Он не ошибся, Ерофеич. Он оказался прав.
И яблоня оказалась права, когда она избавлялась от лишнего. Вон сколько на ней сейчас налитых, спелых, ярких, замечательно вкусных яблок.
Ну, хватит. Надо поберечь пластинку. Ни в одном магазине теперь ее уже не купишь.
Между прочим, это моя пластинка. Не то что моя, а но казенная, как проигрыватель, а совсем в другом смысле — моя.
Именно я пою на этой пластинке. Я — Женя Прохоров.
2
А там, в Липецке, тоже было очень много деревьев. Там, я помню, весной тоже цвели яблони, вишни, черемуха. Но я тогда еще плохо различал, где какое дерево. Наверное, там больше всего было лип — поэтому, я думаю, и город назывался Липецком.
Это я очень хорошо помню: деревья огромные, раскидистые, заслоняющие небо.

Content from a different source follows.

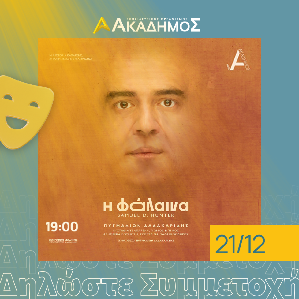 Σας προσκαλούμε να παρακολουθήσουμε μαζί την παράσταση «Η ΦΑΛΑΙΝΑ» (The Whale) του Σάμιουελ Ντι Χάντερ, στο θέατρο ΝΕΟΣ ΑΚΑΔΗΜΟΣ.

Вообще-то я очень мало что запомнил из той моей детской, детдомовской поры. Разве что накрепко врезались в мою память какие-то совсем незначительные и пустяковые вещи.
Есть такое выражение — нить памяти.
Так вот для меня этой нитью, самым ее началом, и вправду оказалась нить — простая нитка. Белая нитка, которой было обметано по краю мое байковое одеяло. Ночью я этим одеялом укрывался и спал под ним. Зато в мертвый час (там он, конечно, был тоже) я нашел себе прекрасное занятие, позволявшее этот час скоротать. Я потихоньку распутывал белую нитку. А она была заплетена довольно хитро — уголками, загогулинами. Поэтому работа была довольно кропотливая, медленная: за каждый мертвый час я успевал распутать всего две-три загогулины. А их на одеяле было сто или даже больше — я тогда еще не умел считать далее ста. Кроме того, такой же белой ниткой был обметан и другой край одеяла, тот, что в ногах. И, покончив с одним краем, можно было приняться за другой. Стало быть, этой работы мне бы хватило очень надолго,
Однако мне не суждено было завершить начатого дела — я добрался всего лишь до половины верхнего края, и на том все оборвалось.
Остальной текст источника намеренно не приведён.